訪日観光客が爆増中です。もちろん色んな要因がありますが、その1つに日本のアニメや漫画、映画などのコンテンツへの共感と、その体験型旅行が挙げられます。コンテンツのプロモーションへの活用でファン心理に響く体験型の販売促進が実現し、観光需要と消費拡大を同時に加速させます。

目次

日本のコンテンツが創り出す「聖地」:インバウンドを加速させる体験型旅行

筆者は大阪在中ですごく感じるのですが、最近インバウンド(訪日外国人旅行客)での来日者が爆発的に急増しているのを実感していませんか?

要因はコロナ以後の入国規制緩和、円安やビザ緩和など様々ですが、日本への集客の大きな要因の一つが日本が世界に誇るアニメや漫画、映画といった「コンテンツ」の存在があるとすごく実感しています。
これらの作品が、単なる娯楽に留まらず、人々を日本へと誘う「強力な動機」となっていると思います。

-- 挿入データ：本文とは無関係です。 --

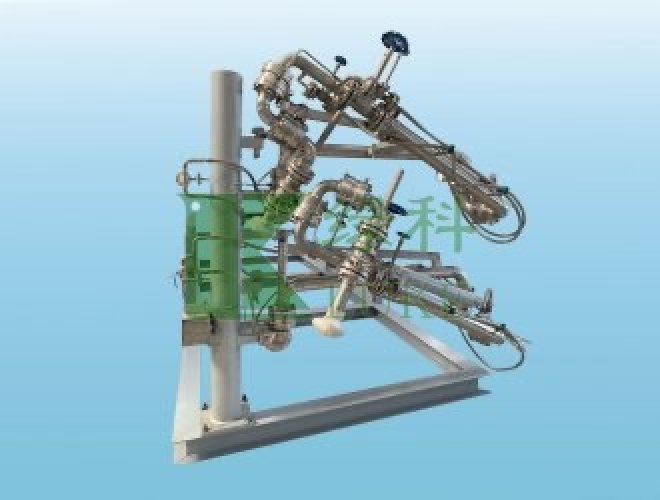 帶氮?dú)獗Wo(hù)裝置裝卸車(chē)臂:裝卸車(chē)臂由液相臂、氣相臂、增壓臂和氮?dú)獗Wo(hù)吹掃系統(tǒng)組成。利用干燥的高壓氮?dú)獗Wo(hù)閥門(mén)不與空氣接觸,避免出現(xiàn)轉(zhuǎn)向閥結(jié)冰無(wú)法轉(zhuǎn)動(dòng)的現(xiàn)象發(fā)生。氮?dú)獯祾呦到y(tǒng)可保證管路中不會(huì)混入空氣。
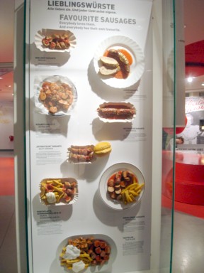 Diversos paneles que nos hablan de la historia de las salchichas o de las
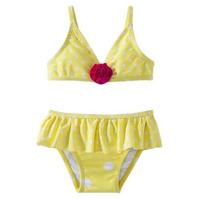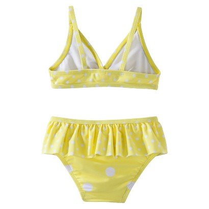 インポート子供水着 イエロー水玉フリルビキニ 12ヶ月ー5歳 (2T)
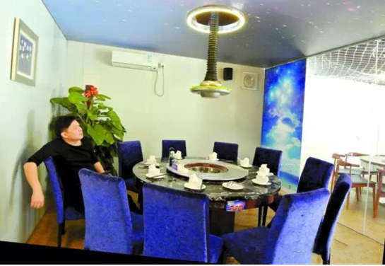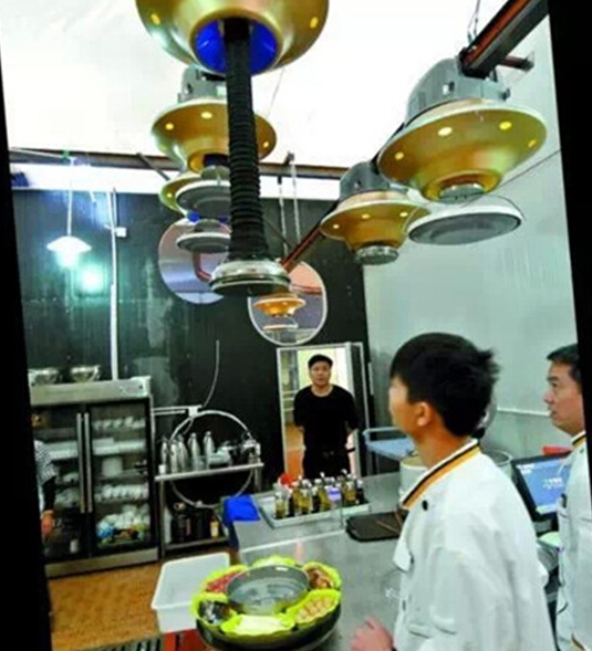 進(jìn)入餐廳,首先映入眼簾的是頭頂上灰藍(lán)的太空和耀眼的星星天幕,最奇特的是有幾只金色的飛碟吊著托盤,托盤上盛滿菜,沿著軌道在“太空”中運(yùn)轉(zhuǎn)。當(dāng)運(yùn)轉(zhuǎn)至餐桌上方,飛碟會(huì)自己停住,伸下長長的“腰”,將菜送至客人面前。
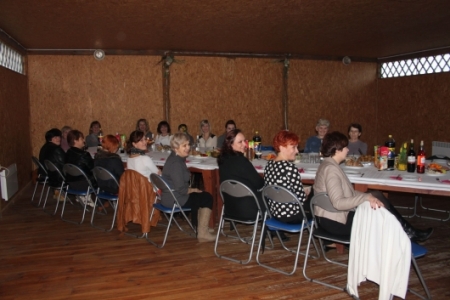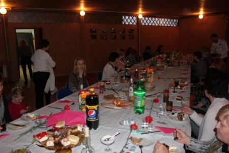 Spotkanie rozpoczęło się o godzinie 17- stej od uroczystego powitania, życzeń i przemowy połączonej z wręczeniem każdej kobiecie pięknego czerwonego goździka . Całusy w pakiecie z kwiatkiem tez się zdarzały. ![]()
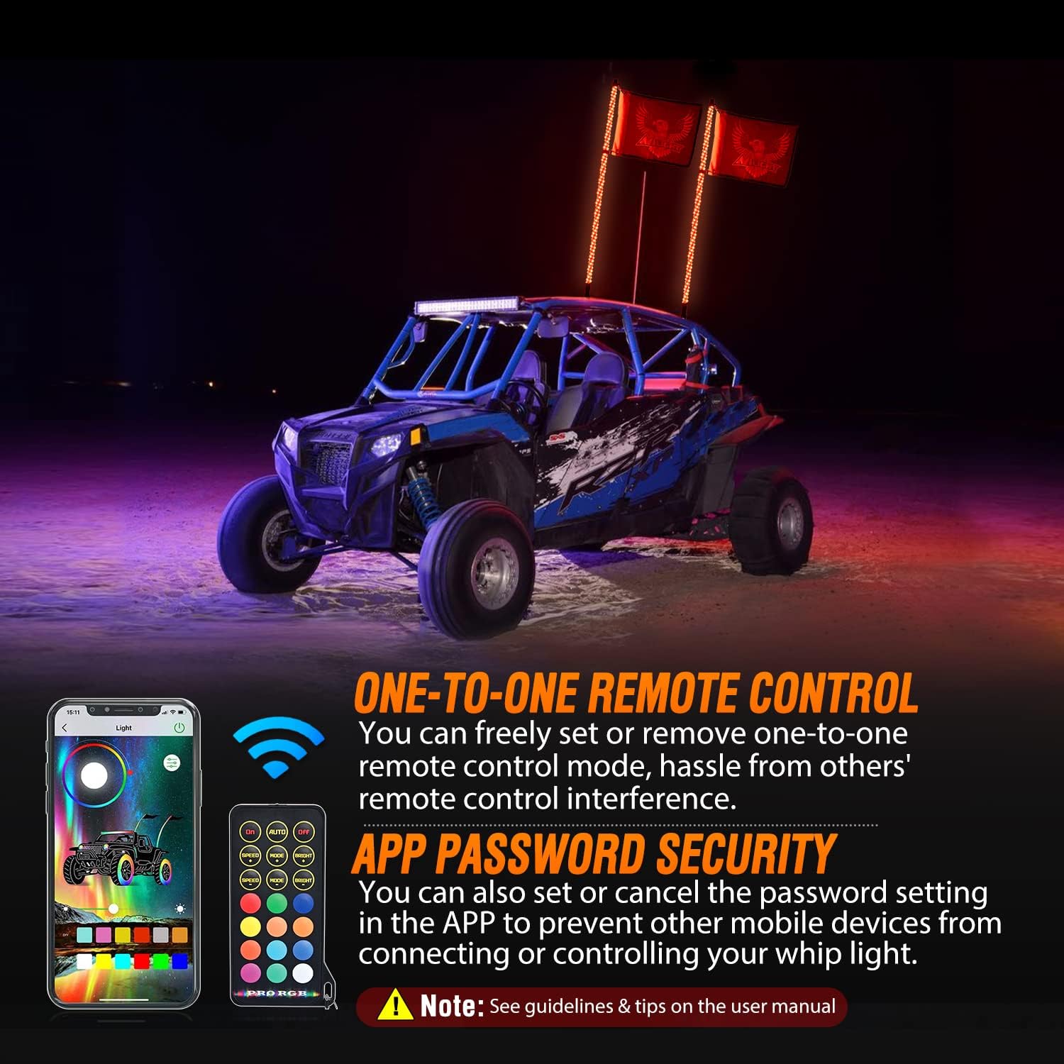 - ăAPP & Remote ControlăDual control by Bluetooth APP and RF remote with a hook, no more worries about losing the remote. And you own more superpowers to control this magical whips, including grouping with friends' devices, countless RGB colors & editable chasing modes options, amazing syn-with music modes and being able to adjust color brightness/speed/colors.

かつては海外人々が日本を訪れる旅行の主な動機は「富士山」「奈良や京都の寺院」「東京の街」といった伝統的・象徴的な風景でした。
日本の独特な文化、無宗教に近い人が多いのに様々な宗教の建造物や慣習が地方ごとに有り、祭りやイベントとして溶け込んでいる不思議な国と考える人が多いようです。

ここ数年においての訪日理由はかなり変わってきているようです。
多くの観光客は、特定のアニメや映画をきっかけに日本に興味を持ち、
「作品の世界を体験したい」という明確な目的を持って訪れます。

この現象を象徴するのが、『鬼滅の刃』です。

大正時代という日本の歴史的背景と、和のテイストを取り入れた美しい映像が世界中の人々の心を掴みました。
作品に登場するような風景や、主人公と同じ名字の神社などを訪れる「聖地巡礼」は、ファンの間で定番の旅程となっています。

地方創生にも貢献する「コンテンツツーリズム」

特定の作品がヒットすると、その舞台となった地域に観光客が集中します。
これは、これまで観光客が少なかった地方に、新しい経済効果をもたらすチャンスとなります。
例えば、新海誠監督の作品は、その精緻な背景描写で知られ、多くの「聖地巡礼」を生み出しています。
『君の名は。』では、物語の舞台となった岐阜県飛騨市や長野県諏訪湖周辺に多くのファンが訪れました。
『天気の子』では、東京の新宿御苑や代々木会館の跡地などが話題になり、ファンが地図を片手に歩き回る姿が見られました。
このように、人気コンテンツは人々を特定の場所へと引き寄せる強力な磁石となり、地域に新たな活気をもたらしているのです。

コンテンツは「文化の橋渡し」

コンテンツツーリズムの魅力は、単に「場所」を訪れるだけではありません。
作品を通じて表面的な美しさなどから興味を持ち、実際にその場で肌で感じる日本の文化や生活様式に触れ、より深く日本を理解したいという気持ちが生まれます。
スタジオジブリ作品もその代表例です。『千と千尋の神隠し』の世界観に似ているとされる道後温泉やジブリパーク(愛知県)には、海外から多くのファンが訪れます。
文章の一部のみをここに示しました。